(Dataset items)
== Segment start ==
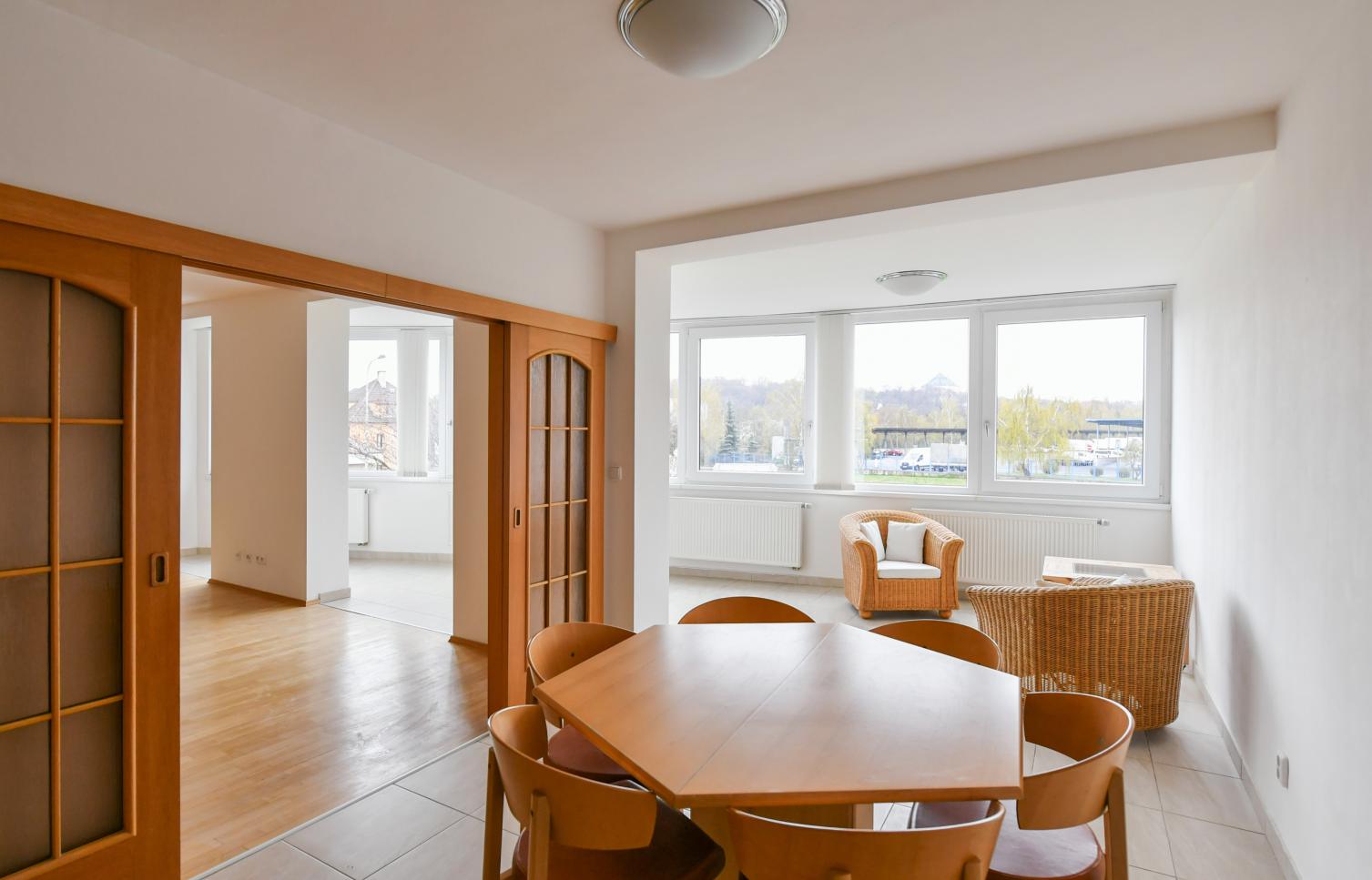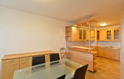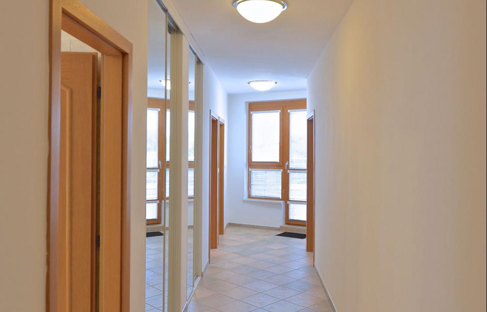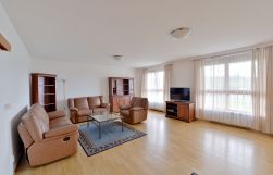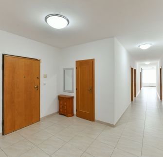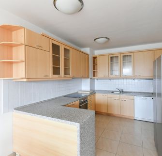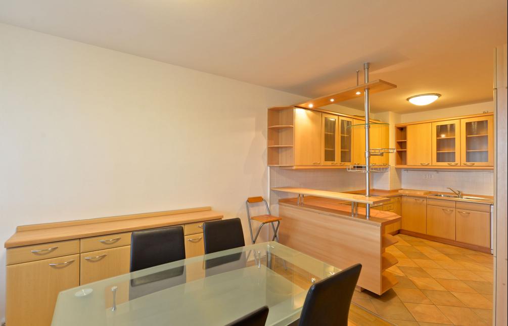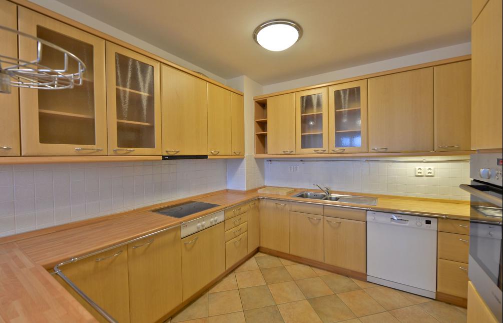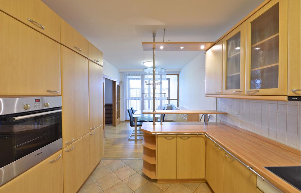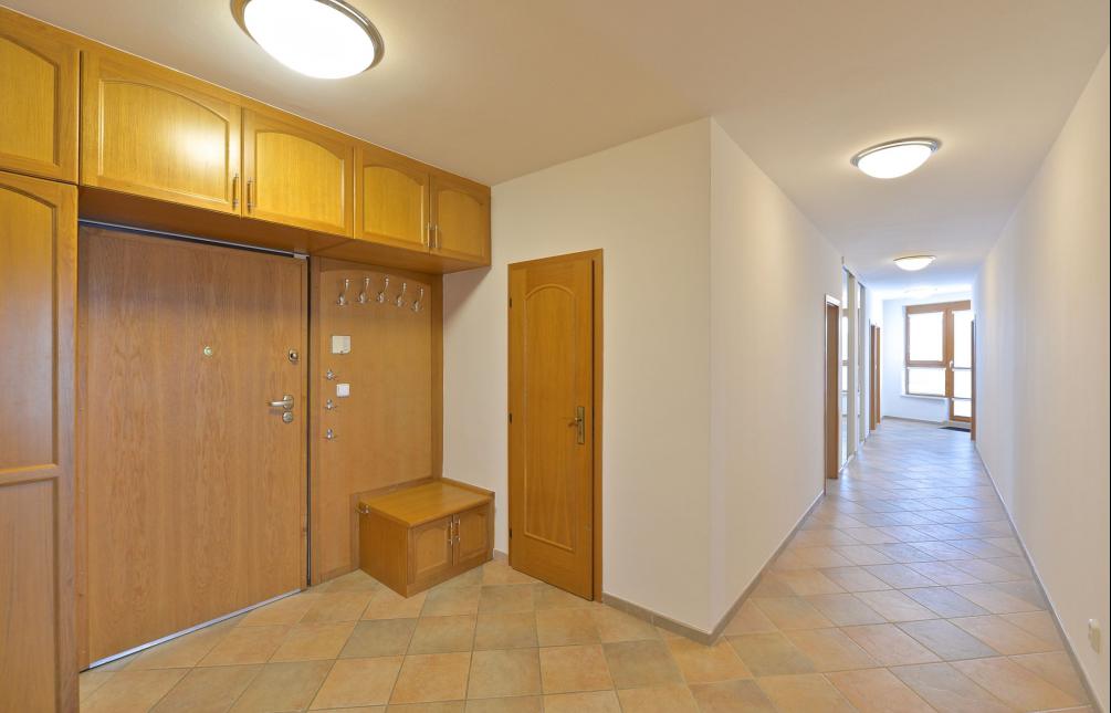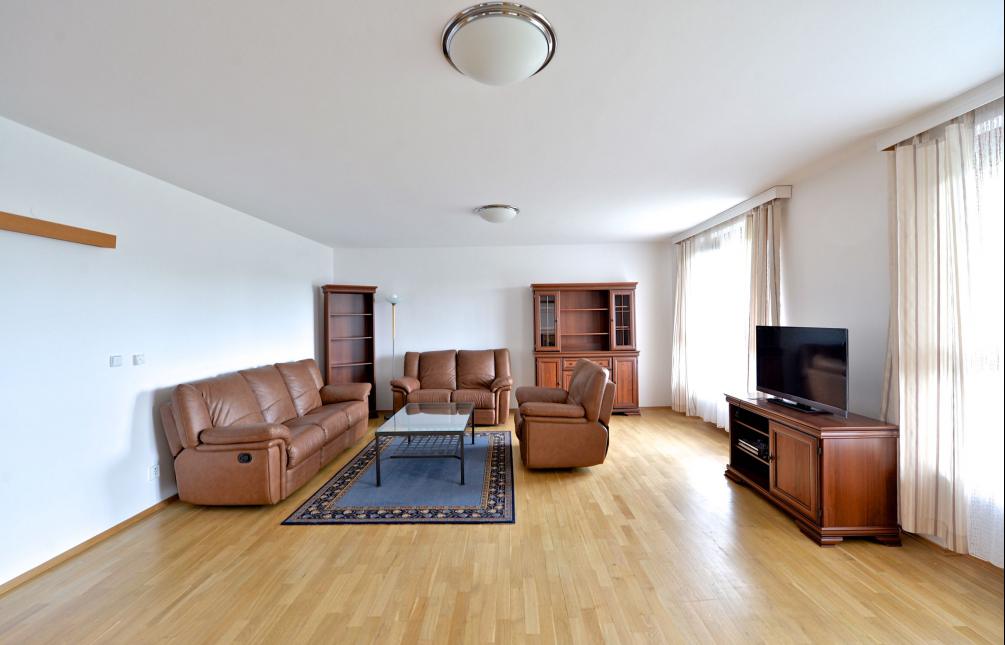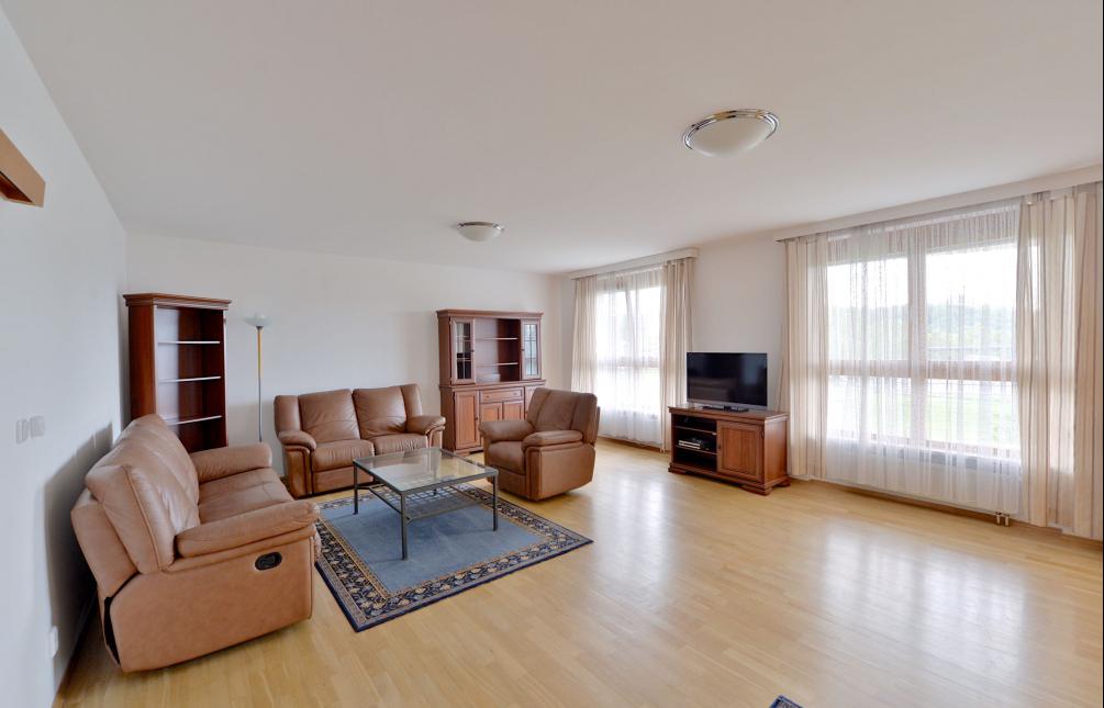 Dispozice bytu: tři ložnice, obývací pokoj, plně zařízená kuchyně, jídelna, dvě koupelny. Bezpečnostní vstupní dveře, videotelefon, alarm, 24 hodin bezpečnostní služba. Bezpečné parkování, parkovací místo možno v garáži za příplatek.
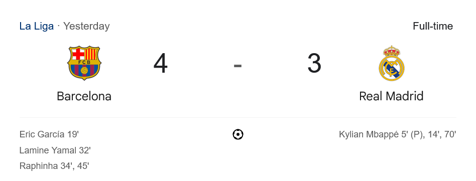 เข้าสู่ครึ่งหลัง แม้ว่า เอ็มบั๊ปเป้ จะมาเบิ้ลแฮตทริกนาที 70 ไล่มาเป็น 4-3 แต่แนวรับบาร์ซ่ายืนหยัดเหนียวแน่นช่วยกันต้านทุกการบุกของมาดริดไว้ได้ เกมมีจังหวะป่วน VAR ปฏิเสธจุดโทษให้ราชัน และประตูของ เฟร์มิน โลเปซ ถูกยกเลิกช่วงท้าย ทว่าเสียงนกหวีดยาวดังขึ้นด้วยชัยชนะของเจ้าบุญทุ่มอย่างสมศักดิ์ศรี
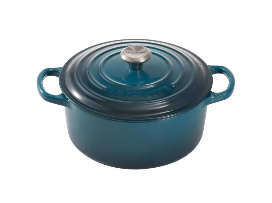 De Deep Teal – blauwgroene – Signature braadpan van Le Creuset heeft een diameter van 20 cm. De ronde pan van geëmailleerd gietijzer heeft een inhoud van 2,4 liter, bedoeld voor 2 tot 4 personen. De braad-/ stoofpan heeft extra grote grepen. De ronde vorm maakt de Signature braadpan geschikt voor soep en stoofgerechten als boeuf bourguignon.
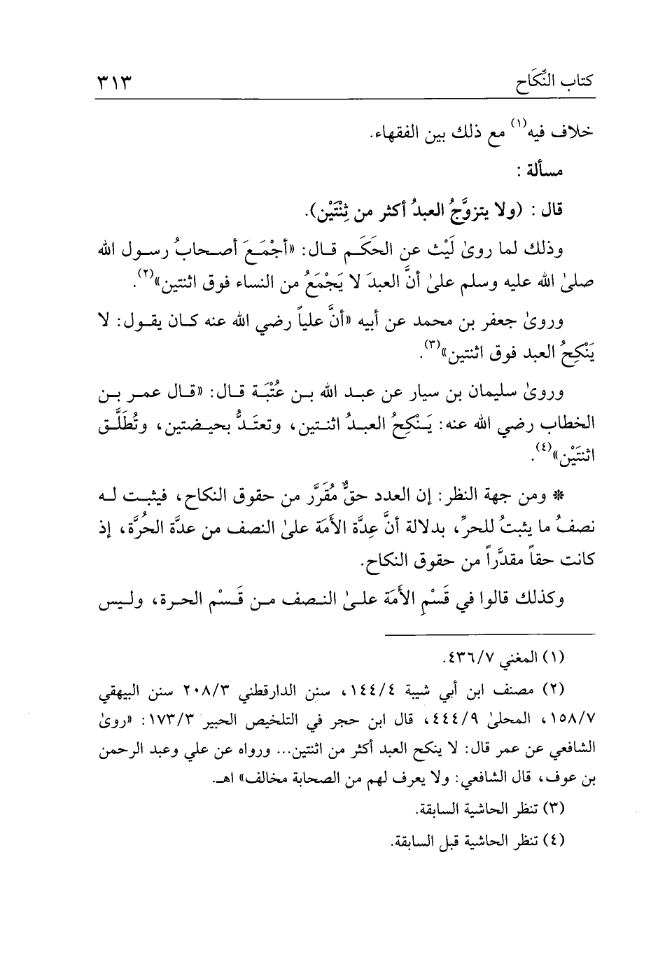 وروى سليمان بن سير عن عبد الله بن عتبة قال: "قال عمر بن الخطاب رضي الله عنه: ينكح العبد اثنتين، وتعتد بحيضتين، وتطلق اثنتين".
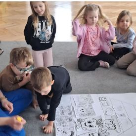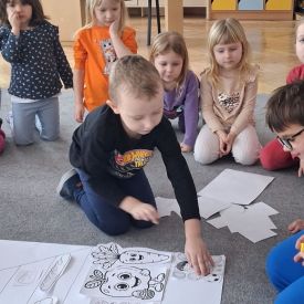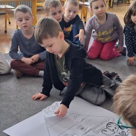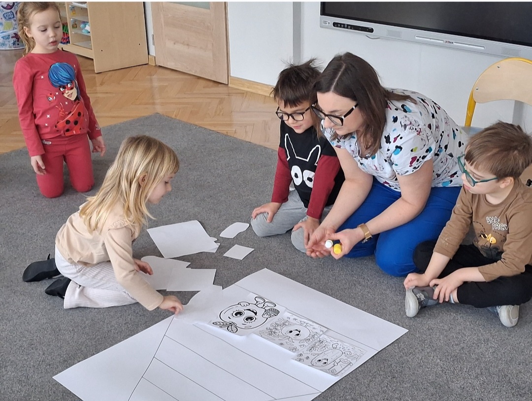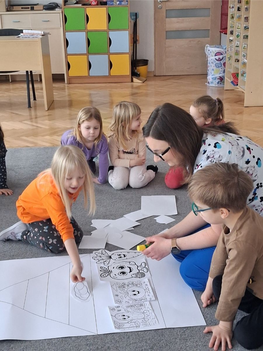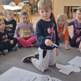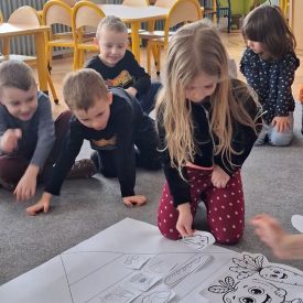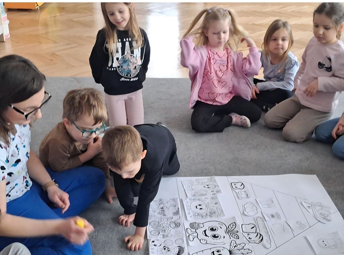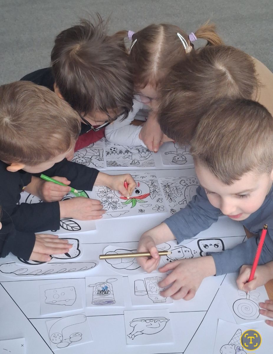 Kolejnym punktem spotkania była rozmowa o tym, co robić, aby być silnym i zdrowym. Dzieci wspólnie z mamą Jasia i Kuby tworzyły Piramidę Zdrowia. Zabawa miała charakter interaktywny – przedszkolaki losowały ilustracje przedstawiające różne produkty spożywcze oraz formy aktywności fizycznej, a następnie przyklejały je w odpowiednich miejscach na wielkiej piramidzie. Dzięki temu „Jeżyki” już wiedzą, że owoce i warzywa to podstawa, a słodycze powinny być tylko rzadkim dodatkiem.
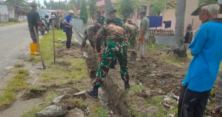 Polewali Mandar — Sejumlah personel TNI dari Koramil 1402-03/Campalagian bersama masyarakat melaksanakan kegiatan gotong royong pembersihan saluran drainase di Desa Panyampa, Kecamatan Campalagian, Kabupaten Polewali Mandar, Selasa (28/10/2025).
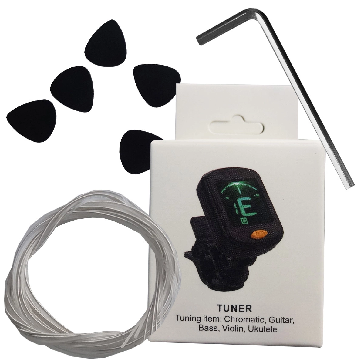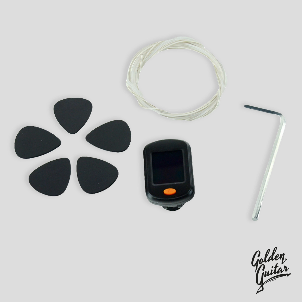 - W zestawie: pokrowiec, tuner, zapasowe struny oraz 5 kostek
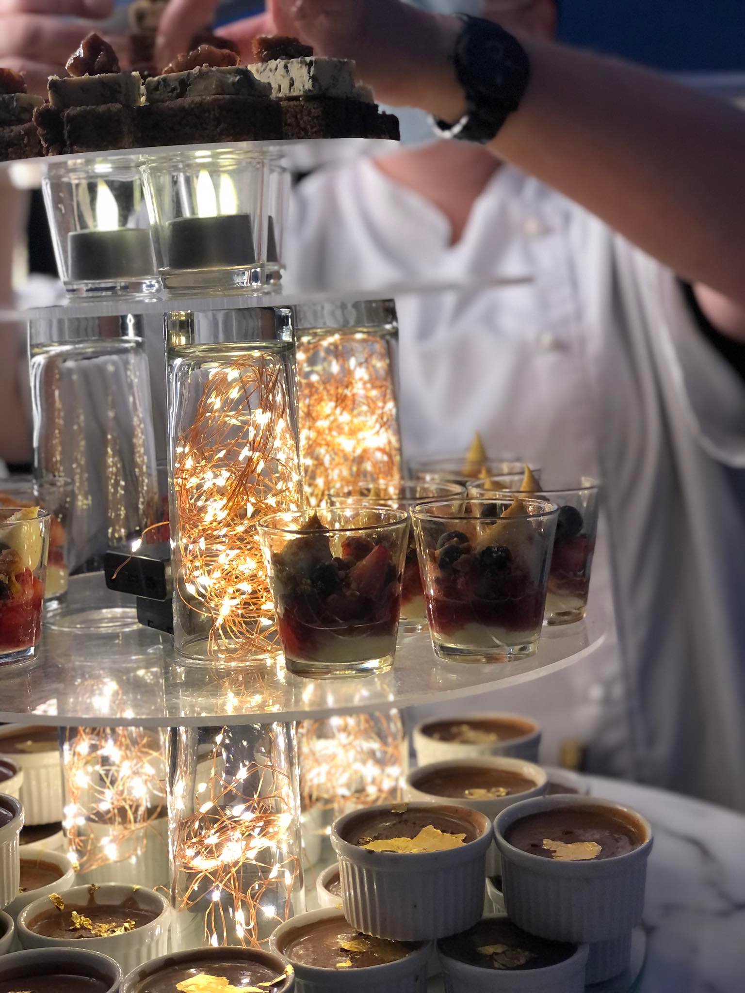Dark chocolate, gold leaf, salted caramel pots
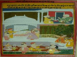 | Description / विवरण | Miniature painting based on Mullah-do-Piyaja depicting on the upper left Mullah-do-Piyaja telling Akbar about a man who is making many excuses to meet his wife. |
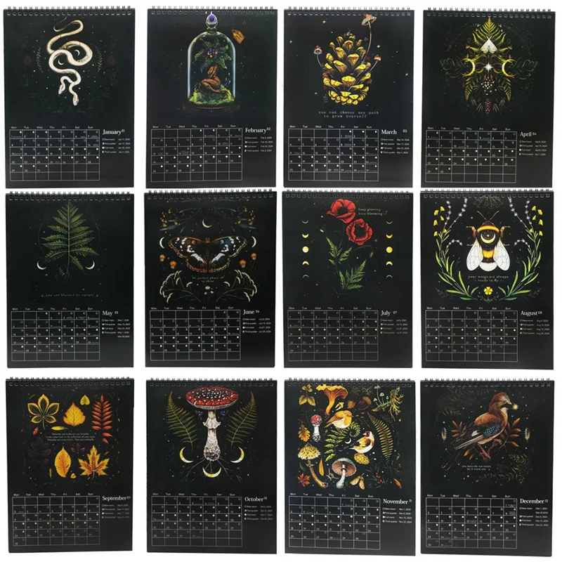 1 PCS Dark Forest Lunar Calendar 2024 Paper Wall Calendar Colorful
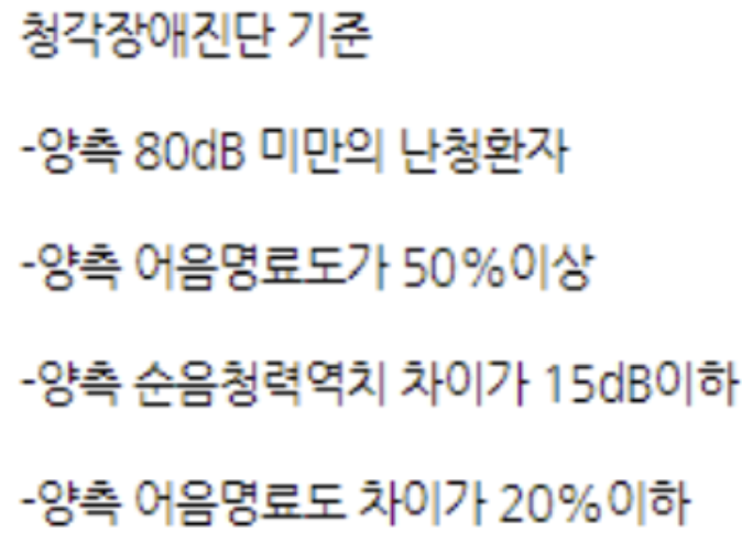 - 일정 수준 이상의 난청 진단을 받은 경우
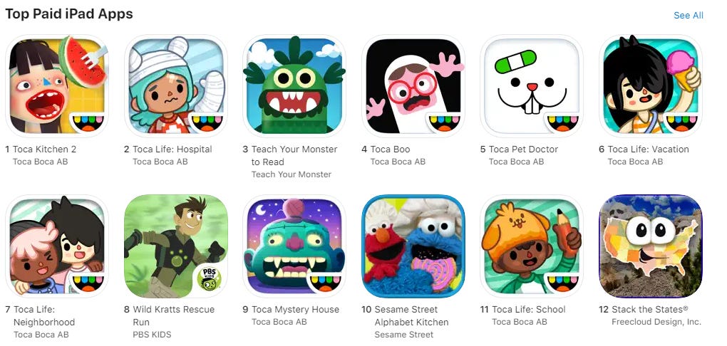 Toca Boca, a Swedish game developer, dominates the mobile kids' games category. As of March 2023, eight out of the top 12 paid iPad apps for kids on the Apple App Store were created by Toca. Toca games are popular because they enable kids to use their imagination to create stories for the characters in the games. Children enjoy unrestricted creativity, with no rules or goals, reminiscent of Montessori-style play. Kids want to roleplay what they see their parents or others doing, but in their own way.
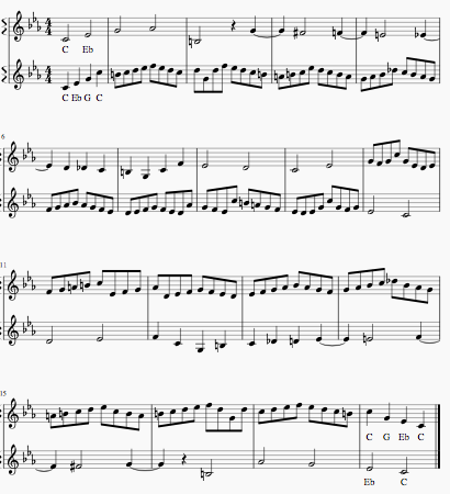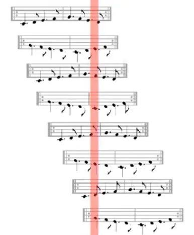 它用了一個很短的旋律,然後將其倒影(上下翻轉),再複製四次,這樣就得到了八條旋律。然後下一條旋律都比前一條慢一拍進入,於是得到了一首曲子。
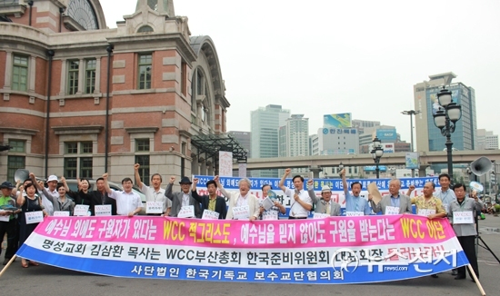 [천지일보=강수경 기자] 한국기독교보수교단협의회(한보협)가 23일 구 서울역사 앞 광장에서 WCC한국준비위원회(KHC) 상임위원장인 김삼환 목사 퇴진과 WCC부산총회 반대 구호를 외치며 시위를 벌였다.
== Segment end ==
## What is being asked
Provide an exact copy of only the lines from the beginning of the entries through the line containing "Kolejnym punktem spotkania", both ends included, with no pictures.

## Answer space
 Dispozice bytu: tři ložnice, obývací pokoj, plně zařízená kuchyně, jídelna, dvě koupelny. Bezpečnostní vstupní dveře, videotelefon, alarm, 24 hodin bezpečnostní služba. Bezpečné parkování, parkovací místo možno v garáži za příplatek.
 เข้าสู่ครึ่งหลัง แม้ว่า เอ็มบั๊ปเป้ จะมาเบิ้ลแฮตทริกนาที 70 ไล่มาเป็น 4-3 แต่แนวรับบาร์ซ่ายืนหยัดเหนียวแน่นช่วยกันต้านทุกการบุกของมาดริดไว้ได้ เกมมีจังหวะป่วน VAR ปฏิเสธจุดโทษให้ราชัน และประตูของ เฟร์มิน โลเปซ ถูกยกเลิกช่วงท้าย ทว่าเสียงนกหวีดยาวดังขึ้นด้วยชัยชนะของเจ้าบุญทุ่มอย่างสมศักดิ์ศรี
 De Deep Teal – blauwgroene – Signature braadpan van Le Creuset heeft een diameter van 20 cm. De ronde pan van geëmailleerd gietijzer heeft een inhoud van 2,4 liter, bedoeld voor 2 tot 4 personen. De braad-/ stoofpan heeft extra grote grepen. De ronde vorm maakt de Signature braadpan geschikt voor soep en stoofgerechten als boeuf bourguignon.
 وروى سليمان بن سير عن عبد الله بن عتبة قال: "قال عمر بن الخطاب رضي الله عنه: ينكح العبد اثنتين، وتعتد بحيضتين، وتطلق اثنتين".
 Kolejnym punktem spotkania była rozmowa o tym, co robić, aby być silnym i zdrowym. Dzieci wspólnie z mamą Jasia i Kuby tworzyły Piramidę Zdrowia. Zabawa miała charakter interaktywny – przedszkolaki losowały ilustracje przedstawiające różne produkty spożywcze oraz formy aktywności fizycznej, a następnie przyklejały je w odpowiednich miejscach na wielkiej piramidzie. Dzięki temu „Jeżyki” już wiedzą, że owoce i warzywa to podstawa, a słodycze powinny być tylko rzadkim dodatkiem.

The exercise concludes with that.